This article originally appeared on Real Clear Politics on April 26, 2017.
People are worried about the character of President Trump. Seasoned observers fear that he lacks the “temperament” for the office he occupies, and in particular the vital capacities for self-restraint, reflection, and empathy.
This is understandable. The character of the commander-in-chief of the most powerful nation on earth is an important matter. But what about the voters? Many of us, including liberals, are happy to comment on the virtues and vices of our rulers. We are more reluctant to turn a mirror on ourselves.
But the character of citizens matters a great deal, especially in a liberal republic. “The worth of a state,” John Stuart Mill observed, “is the worth of the individuals composing it.” A tolerant and productive society does not result from wise laws and smart policies (though of course they help), but from the open-mindedness, confidence, hard work, empathy, and self-reliance of individual men and women.
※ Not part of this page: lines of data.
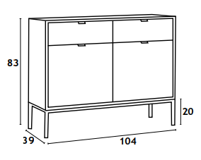 Комод имеет размеры 104 × 39 × 83 см (ширина × глубина × высота).
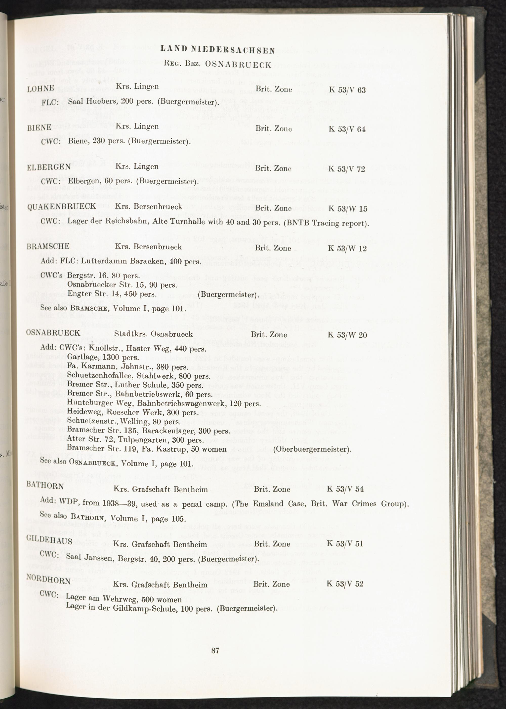 Catalogue of Camps and Prisons in Germany and german-occupied Territories Sept. 1st, 1939 - May 8th, 1945 : Vol. II and Supplement
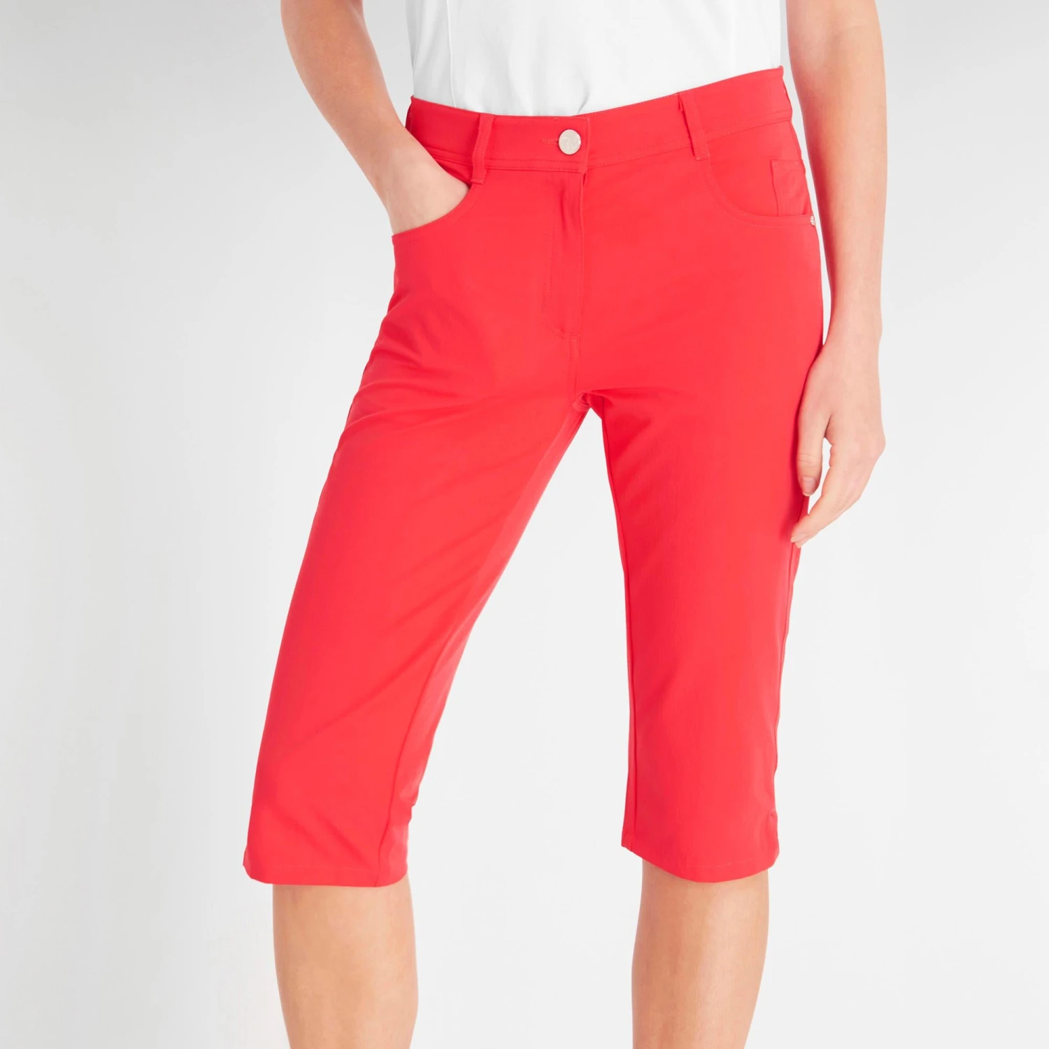 The Nuala are beautifully crafted pedal pushers which featuring silver metal logo rivets at both the front and the back, at the pockets and double belt loops. The front and back seaming creates a tailored shape for a great fit whether worn on or away from the golf course. Crafted from a soft stretchy fabric which allows for enhanced freedom of movement, the Nuala are sure to become a wardrobe favourite this season.
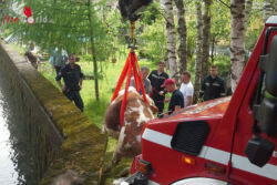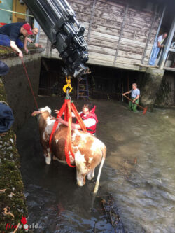 Nachdem die Schwimmerin umgehend gesichert wurde, wurde der Mühlbach daraufhin vom Verwalter der E-Werke abgelassen, um das Tier nicht nach ihren zwei Tauchgängen – schon beim Flutereingang hat sie durchtauchen müssen – und ihrer langen Schwimmstrecke nicht noch mehr zu fordern und die Rettungsaktion zu erleichtern. Wie schon 2014 wurde auch diese Kuh schließlich mit dem Kran der FF Hohenberg aus ihrer nassen Lage befreit.
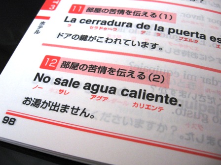今週は夜勤当番なのですが、深夜にホテルに戻るとシャワーのお湯が出ないのです。きのうは朝5時半ころ雨音で目が覚め、シャワーを浴びようとしたのですがやはりお湯が出ない・・・・。水道の水も出ない・・・(怒)。カチンときて、フロントに文句を言いにいきました。ダイソーで購入した「すぐに使えるスペイン語」の本、マジですぐに使えました(笑)ありがたいなぁ・・・・。実は最初「ノー サレ アグア」しか言わなかったからか、部屋に戻ると水道の水は出たのですが、シャワーのお湯が出ない・・・。もう一度フロントに出向き、2回目は「ノー サレ アグア カリエンテ」と言いました。部屋に戻ると、お湯の雫がポタポタと・・・・。3回目「ノー サレ アグア カリエンテ!ノー ドゥーチャ(シャワー)!」(怒)部屋に戻ると滝のようにシャワーが出ていました。どんなシステムなの??あきれるばかりです。そして今朝もシャワーが出ませんでした。フロントの担当は昨日と同じ男性だったので、すぐに分ったようです。マジでどんなシステムなのでしょう・・・・。さっき買い物に行って、その後、初めてのレストランでセビーチェを食べてきたのですが、カメラにSDカードが入っていませんでした。ショックです(泣)大失敗です。店員に「セビーチェ何時ころできる?ホテルに戻ってきたい。」と、カタコトのスペイン語で話をしたところで、通じるわけもなく・・・。店員のおねえちゃんは、どういう訳か紙ナプキンを出してきました。どんなスペイン語だったんだろう(爆)。さて、これからクリーニング店に行ってから仕事に出かけます。クリーニング店のおばちゃんが、朝、引き換え券にオイラの名前を書いてくれました。覚えてくれたようで、うれしかったです!
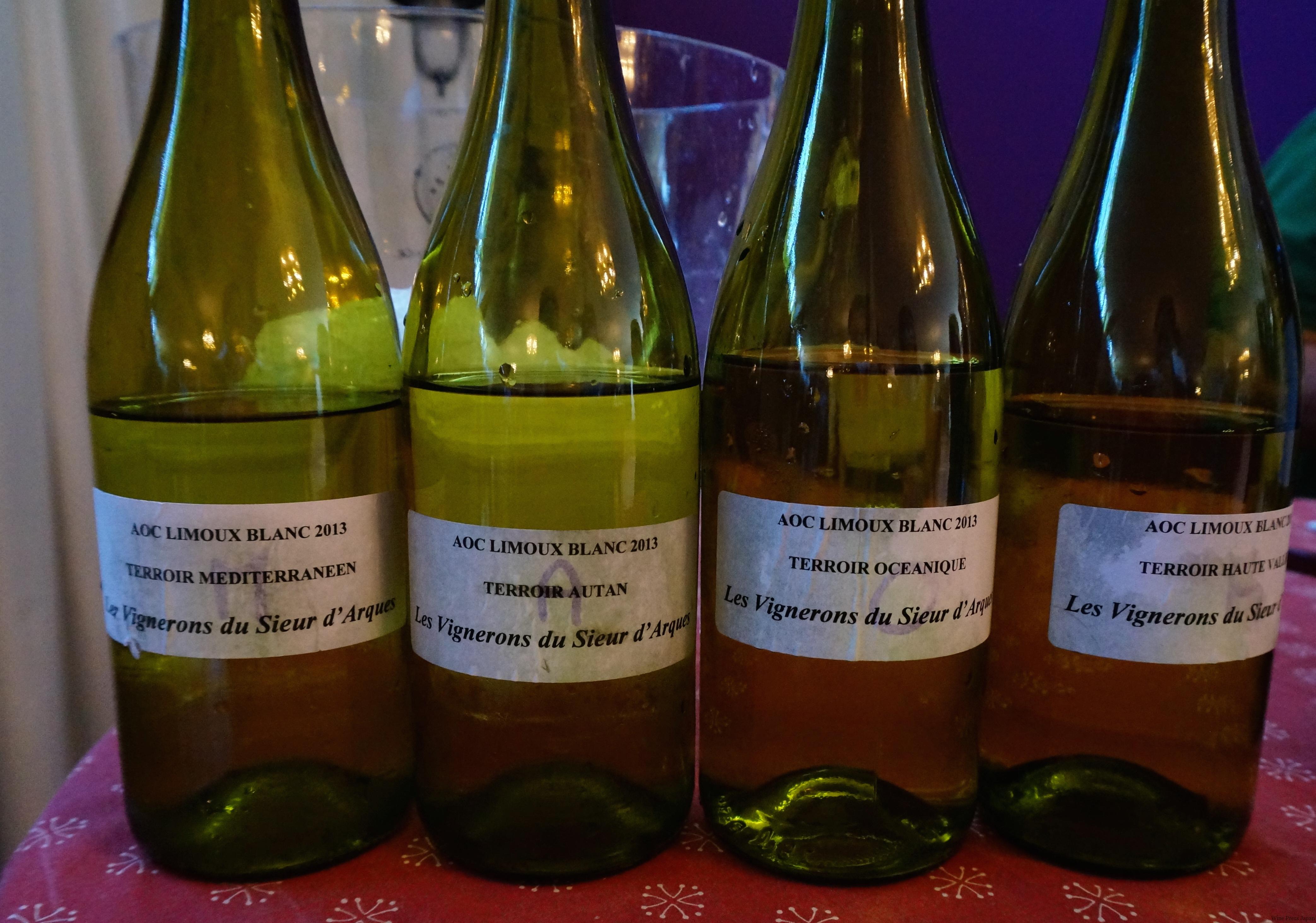 例えば、ちょうどカルカッソンヌの西側にあるワイン産地「リムー」は、スパークリングワインでとても有名ですが、今では品質の高いスティル・ワインの白と赤も生まれています。リムーの最大手「シュールダルク」の白ワイン(2013年産のサンプル)を、気候条件別に試飲させてもらうと、こんな風にちがいました。
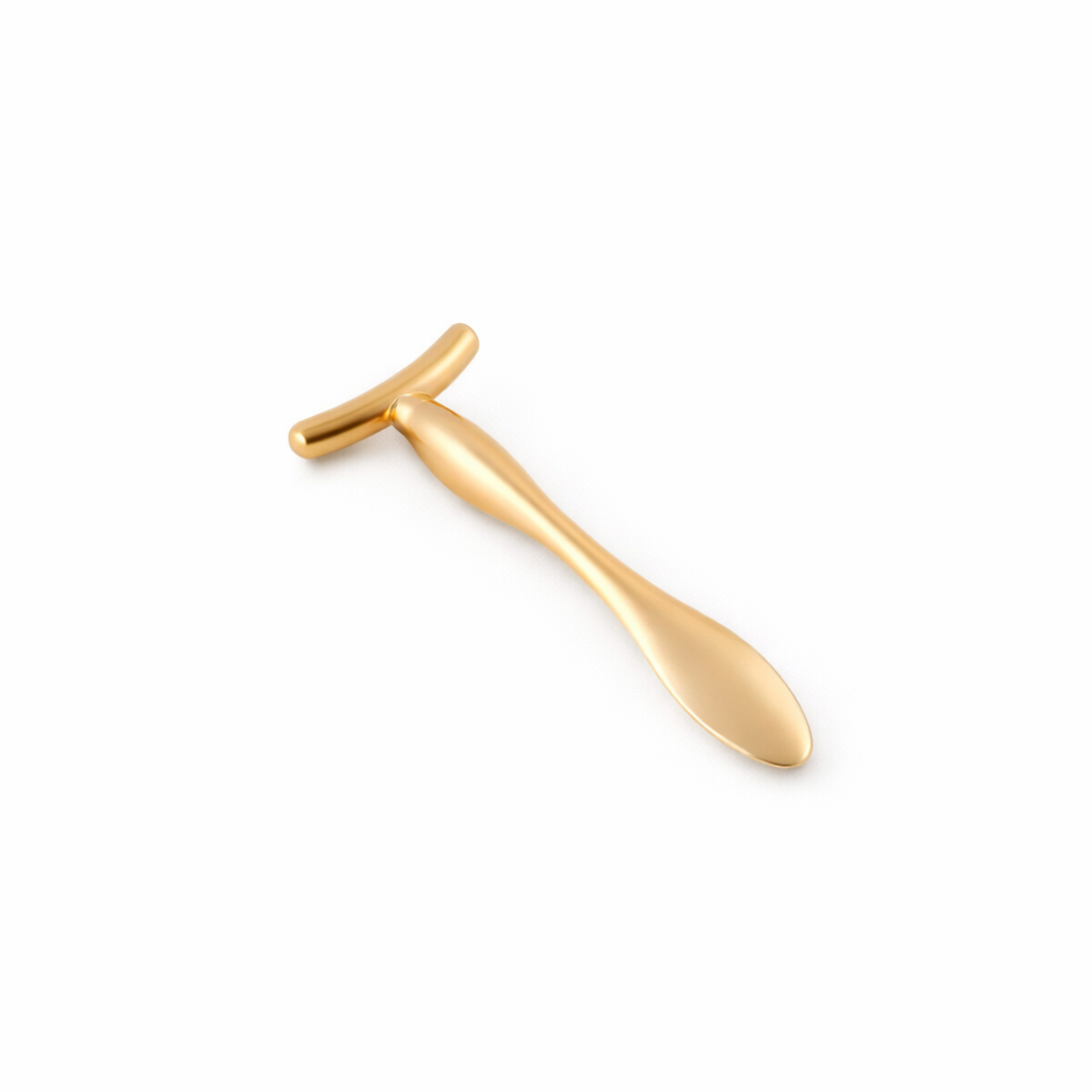 El set incorpora un masajeador de ojos fabricado en zinc con acabado mate, que ayuda a estimular la zona del contorno ocular, favoreciendo la relajación y la sensación de frescor.
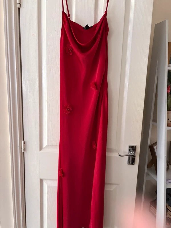 Beautiful red long maxi length dress adorned with delicate flowers. Ideal for special occasions, this satin dress adds a touch of elegance to your wardrobe.
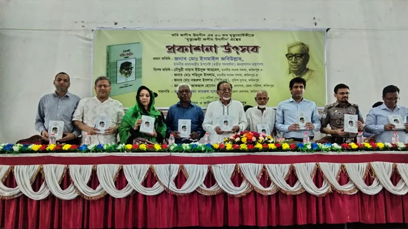 পরে বিকেলে ফরিদপুর শিশু একাডেমি মিলনায়তনে পল্লকবি জসীম উদ্দীনের ৫০তম মৃত্যুবার্ষিকী উপলক্ষে মফিজ ইমাম মিলনের লেখা ‘মৃত্যুঞ্জয়ী জসীম উদ্দীন’ গ্রন্থের মোড়ক উন্মোচন করা হয়। অনুষ্ঠানে অতিথিরা কবির জীবন ও কর্ম নিয়ে আলোচনা করেন এবং তার সাহিত্য পাঠের ওপর গুরুত্বারোপ করেন। শিশু একাডেমির খুদে শিল্পীরা কবিতা আবৃত্তি ও সংগীত পরিবেশন করে অনুষ্ঠানে অংশ নেয়।
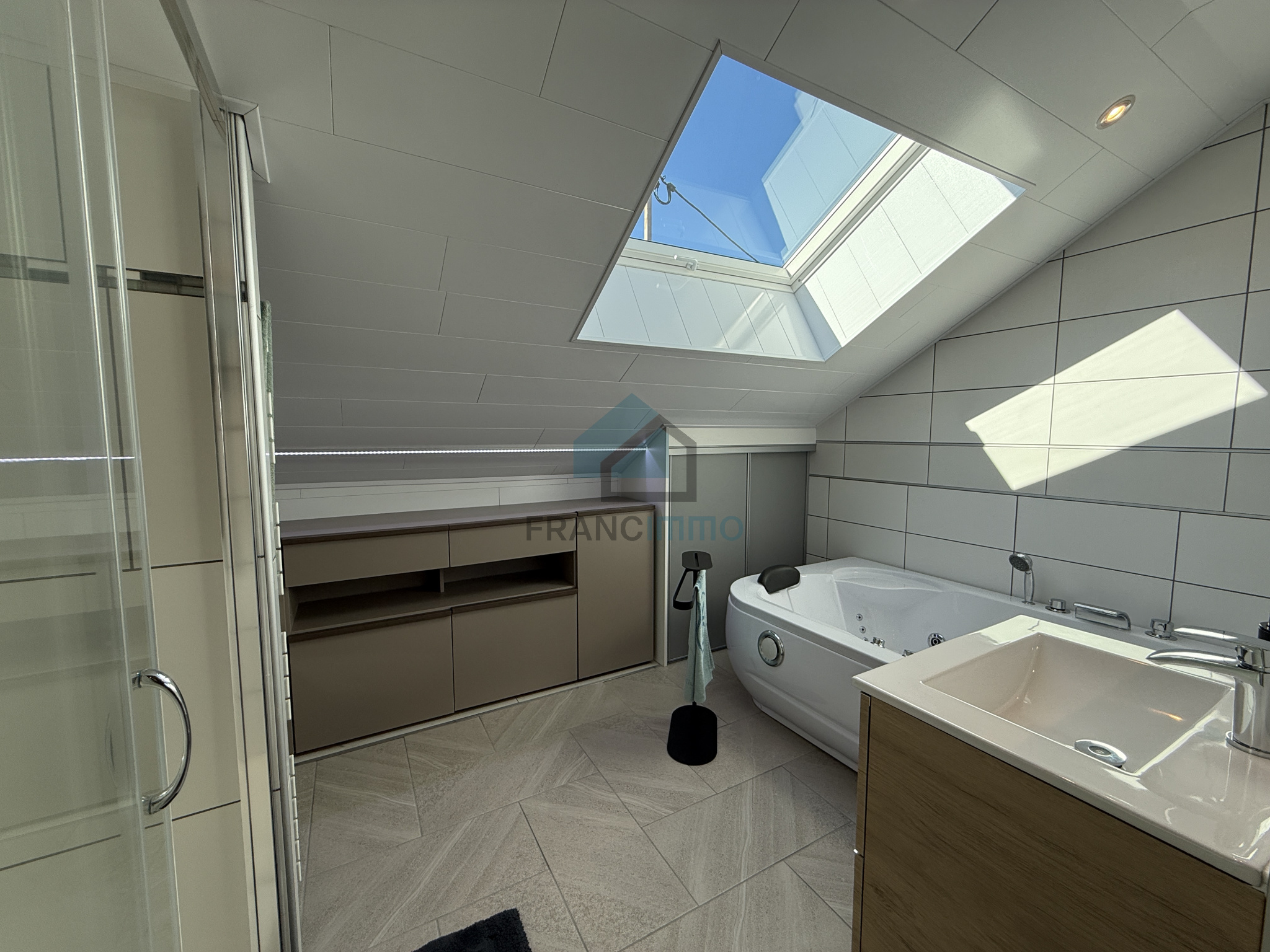 Baignoire balnéo, douche, 1 lavabo, 1 meuble
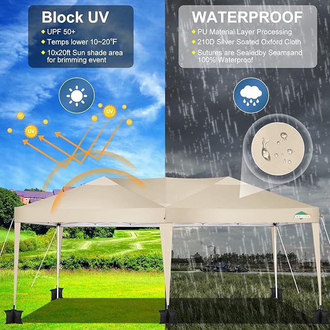 COBIZI Canopy 10x20 Pop Up Canopy Tent 10x20ft Waterproof Easy Up Tents for Parties Wedding Outdoor Commercial Event Gazebo Portable Instant Tent for Backyard Camping Car Port(Khaki
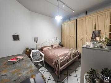 Al primo piano, abbiamo una camera di medie dimensioni con bagno cieco e box doccia sulla sinistra, mentre sulla destra troviamo la seconda camera matrimoniale.
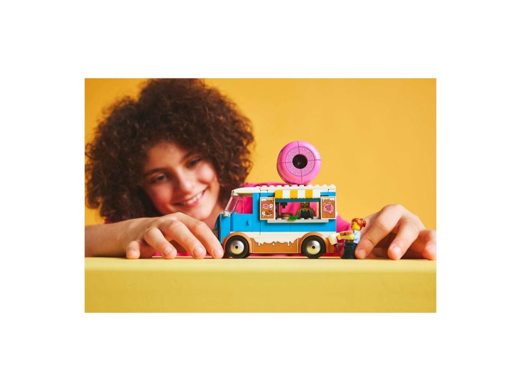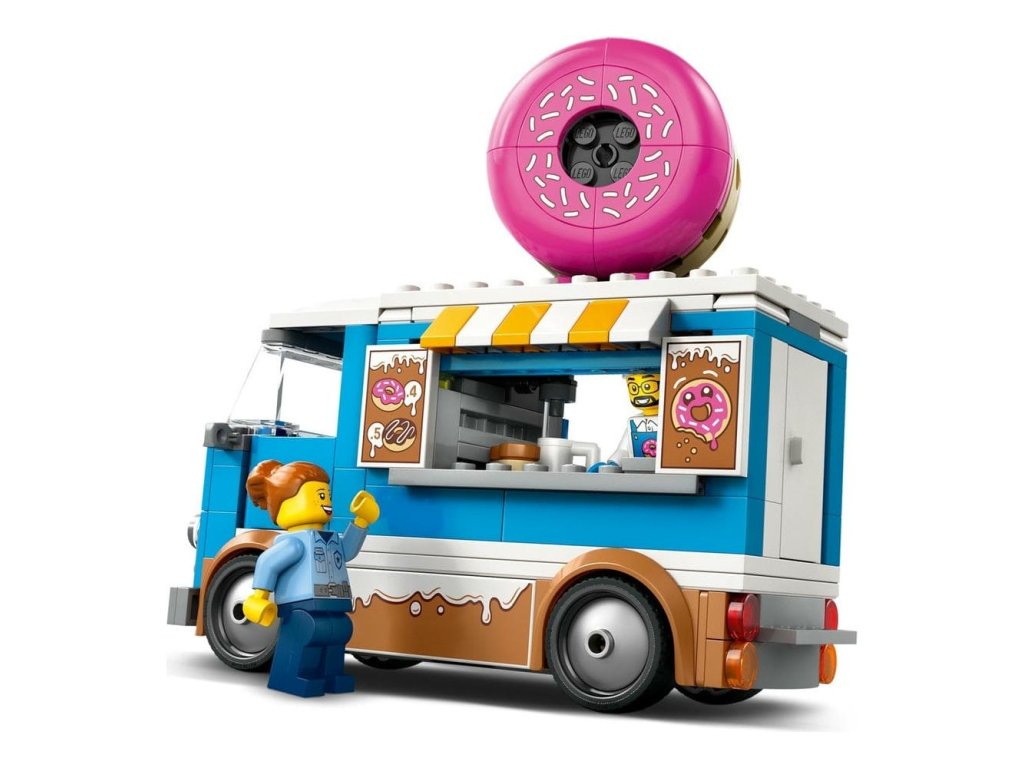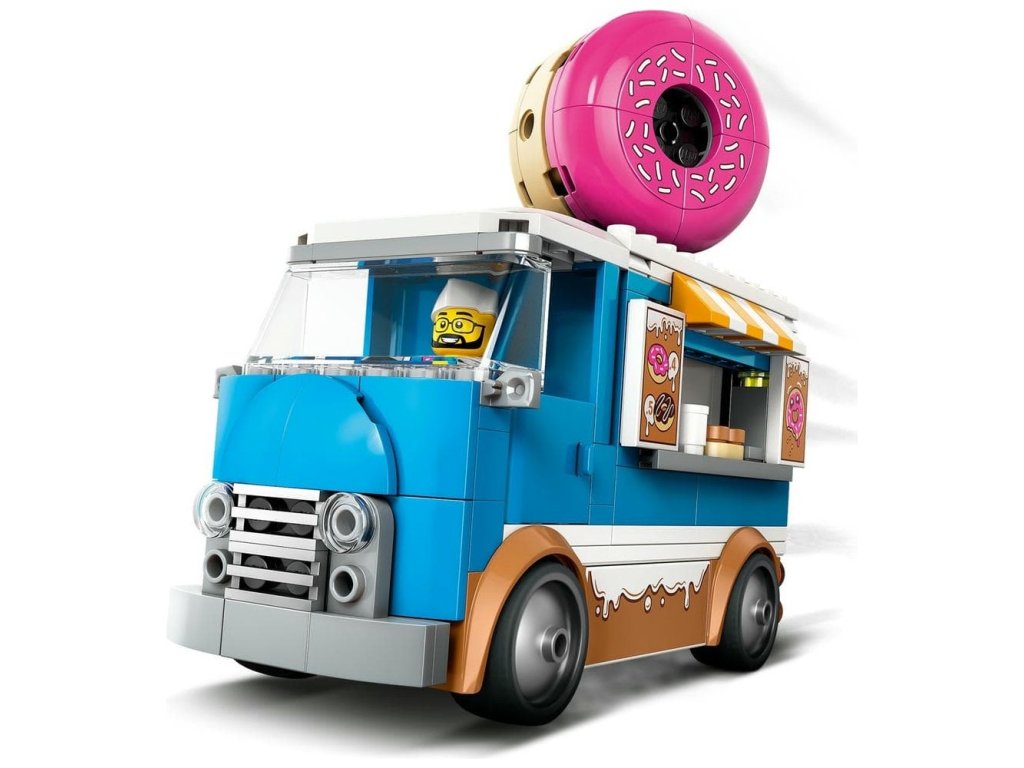 Připravte Truck s donuty a vydejte se do LEGO® City! Tato dodávka s odnímatelným kioskem je vážně něco! Prohlédněte si ozobu v podobě polevy a obří donut na střeše. V kuchyňce připravte chutné donuty a hladovým zákazníkům servírujte čerstvě dobroty a lahodné horké nápoje. Až budete připraveni jet dál, usedněte za volant a vydejte se se svou parádní mobilní kavárnou do další destinace!

Addressing problems of stagnant social mobility, declining labor force participation, racial intolerance, and family instability requires us not only to pore over charts and test policy interventions, but also to decide what sorts of citizens we ought to be.
Many of us, including liberals, are happy to comment on the virtues and vices of our rulers. We are more reluctant to turn a mirror on ourselves.
The language of character flows more comfortably from the lips of conservatives, with their emphasis on personal responsibility and commitments to faith, flag, and family. But character is, or ought to be, a central concern of liberals. Mill was just one of a parade of Enlightenment thinkers from Adam Smith onward who were deeply concerned with the cultivation of character.
Liberals know better than socialists or conservatives that free societies can only function effectively if they are comprised of strong individuals, as I argue in a new Brookings paper. Paternalism becomes necessary when individuals lack the capacity and agency to run their own lives well.
Modern liberals are squeamish to even raise the subject of character. We are justifiably afraid of appearing judgmental or of seeming, for example, to blame the poor for their poverty. The temptation is to retreat into antiseptic empirical data. But we shouldn’t simply cede this ground to conservatives. Liberals need to set out their own case for the importance of character.
First, character strengths are necessary for economic security and social mobility, especially as they become more valued in the labor market. Collected inelegantly under the social science jargon of “noncognitive” or “soft” skills, these include grit, perseverance, a growth mindset, conscientiousness, and the ability to delay gratification. Inspired by the pioneering work of Nobel Laureate James Heckman, researchers have shown that these are powerful predictors of opportunity and mobility — as powerful, in many studies, as academic or cognitive abilities.
As Tom Edsall writes in the New York Times, “the spectrum of noncognitive skills and character strengths are a major factor in American class stratification.” If liberals are interested in the promotion of equal opportunity, they need to worry about the cultivation of these character strengths.
Second, the liberal project as a whole simply can’t work without citizens of strong character. Liberalism relies on a conception of an autonomous character that is true to its etymology: capable of self-rule. It is when individuals cannot rule themselves that they need to be ruled by others, whether princes, pundits, or priests. Character is the vaccine against paternalism.
Thirty years ago, James Q. Wilson defined modernity as the transition from a culture of self-control to a culture of self-expression. This is an illuminating dichotomy, but in the end an unhelpful one. The truth is that authentic self-expression requires self-control; a musician must master the rules of his or her craft before moving on to improvisation. In much the same way, a strong degree of self-regulation is necessary for a self-directed life. Otherwise we simply bob around on the ocean, waiting to be carried by the next wave or current. It is regrettable that the language of character sounds moralistic and off-putting to so many liberals, even as they work so hard to instill those strengths in their own children.
Third, liberal democratic societies depend as much on individuals as institutions. Certainly an independent judiciary, robust free press, accountable state bureaucracy matter a great deal, as life under Trump reminds on an almost daily basis. But in the end, the fate of liberal societies rests in the hands of the individuals who compose it. On their willingness to stand up for the institutions described above, their capacity to withstand peer pressure, and their ability to tolerate and live in peace with other citizens.
Liberal democracy needs strong institutions. But it also needs strong citizens.